Доведись Ивану Карамазову побывать в XX веке, его «коллекция» разрослась бы неимоверно. Она даже утра­тила бы смысл, потому что коллекционируют относитель­но редкое. А мысль Ивана об «артистичности», «художе­ственности» человеческой жестокости получила бы но­вейшие подтверждения.

Мучиться, конечно, не обязательно. И боль ума — все­го лишь преувеличение, и напуганное воображение быст­ро приходит в норму, и вообще все это — литература, сло­весность, маета досужих голов, а не реальная жизнь. Хорошо бы так рассудить и утешиться, да невозможно. Все-таки это сама жизнь человеческая выговаривается через литературу, кричит, зовет, хочет себя же понять, обличить, образумить, остеречь, найти высший для себя суд.

После мучительной «Хатынской повести» Алесь Ада­мович участвовал в создании еще более мучительных книг о времени войны («Я из огненной деревни», «Бло­кадная книга»); и вот написана, может быть, самая страшная: «Каратели».

Зачем? — спрашивают. Не хотим слушать, не желаем мучиться, мы — не Алеши Карамазовы, мы его, слабо­нервного, давно уже превзошли железной выдержкой и силой духа.

Но что поделаешь, если жизнью накоплено чересчур много тяжелых историй, и она, позабыв о «выдержке», назначает то одного, то другого их рассказывать. Расска­зывать во имя отмщения и справедливости. Отмщение реальное и в реальности происходит, но кажется недо­статочным.

Иван Карамазов чувствовал эту недостаточность; «ад для мучителей» ничего не может «поправить»; мщение, равновеликое страданию жертвы, недостижимо, но грех злодеяния не может быть отпущен, прощать нельзя, и вы­ход из положения таков: навсегда остаться «при неото­мщенном страдании», при «неутоленном негодовании».

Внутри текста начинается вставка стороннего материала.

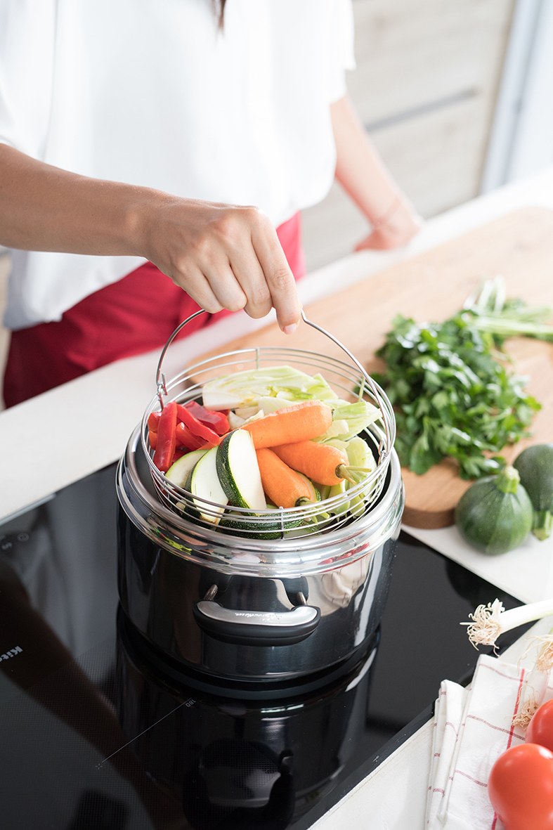 Lagostina Mia Lagoeasy'up Pentola a pressione Ø cm 22 - L 7. Capacità totale: 7 L, Adatto per tipi di piano cottura: Ceramica, Gas, Alogena, Induzione, Piastra sigillata, Colore del prodotto: Acciaio inox. Peso: 2,13 kg. Quantità per pacco: 1 pz. Peso dell'imballo: 2,7 kg, Profondità imballo: 340 mm, Larghezza imballo: 230 mm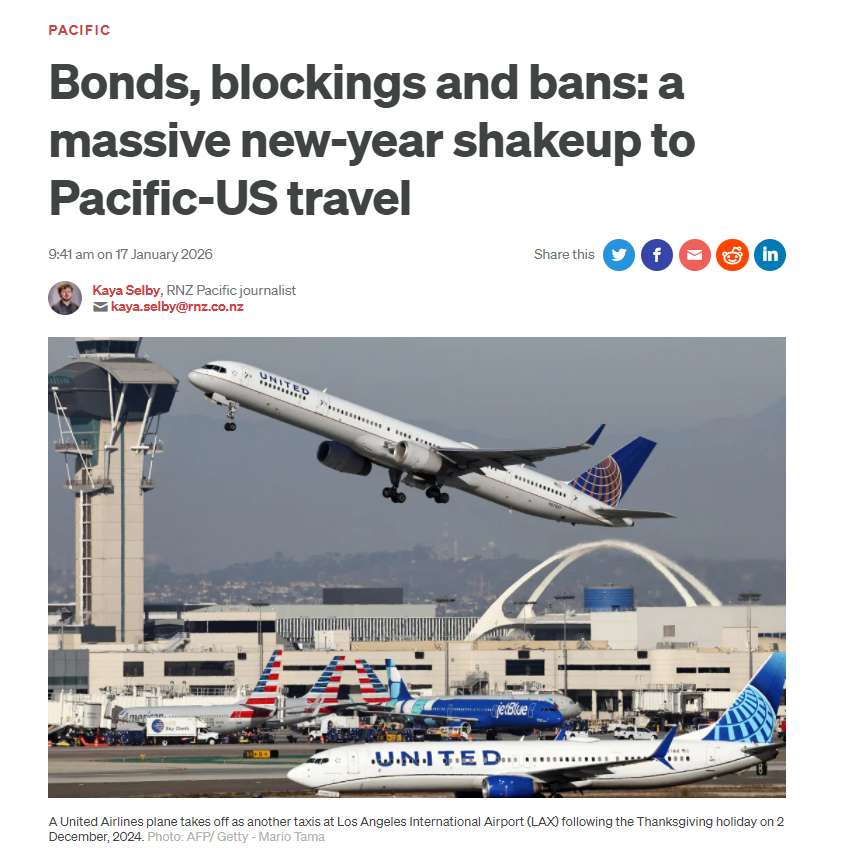 图为美国仅在2026年的前两周就对太平洋地区的旅行实施或宣布了一系列全面限制措施。(图/新西兰RNZ网站截图)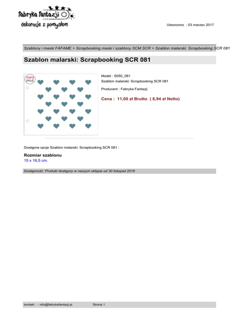 Utworzono : 03 marzec 2017 Szablony i maski FAFAME > Scrapbooking maski i szablony SCM SCR > Szablon malarski: Scrapbooking SCR 081 Szablon malarski: Scrapbooking SCR 081 Model : S050_081 Szablon malarski: Scrapbooking SCR 081 Producent : Fabryka Fantazji Cena : 11,00 zł Brutto ( 8,94 zł Netto) Dostępne opcje Szablon malarski: Scrapbooking SCR 081 : Rozmiar szablonu 15 x 16,5 cm. Dostępność: Produkt dostępny w naszym sklepie od 30 listopad 2016 kontakt : - [email protected] Strona 1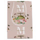 Sacola Para Presentes Média Boca-Cola Rosa Floral e Borboletas Monograma

Это, кажется, выше человеческих сил: помнить о «слезках ребенка», знать, что искупление, утоление не­возможно. Пусть полнота мщения недостижима, но чело­век хочет, чтобы неотомщенного страдания было бы мень­ше. Та слезинка неискупима, но это не означает, что никакого искупления не должно следовать.

Отмщение тем полнее, чем справедливее; у «мучите­лен» всегда заготовлены оправдания, и оно не может их обойти; останься эти оправдания нерассмотренными, не­понятыми, неопровергнутыми, они продолжали бы жить, в ком-то отзываясь и повторяясь как некое дозволение. Отмщение не достигает полноты и завершенности, если, выделив личную вину «мучителя», не воздает должного всему, что сделало ее возможной, что подводило и при­вело к ней.

Зачем? — спрашивают. Не хватало еще мучиться из-за мучителей. Зачем смотреть, пытаться смотреть их глазами? Воображать себе работу их мысли, склад их души?

Уже был угол зрения быковского Рыбака. Уже поня­то, как опасно желание жить любой ценой. Но там одно­временно существовал другой взгляд — взгляд Сотникова, как другое понимание жизни и как неизбежность другого выбора. В Сотникове оживала вечная наша надежда на Человека, на героическую альтернативу покорству.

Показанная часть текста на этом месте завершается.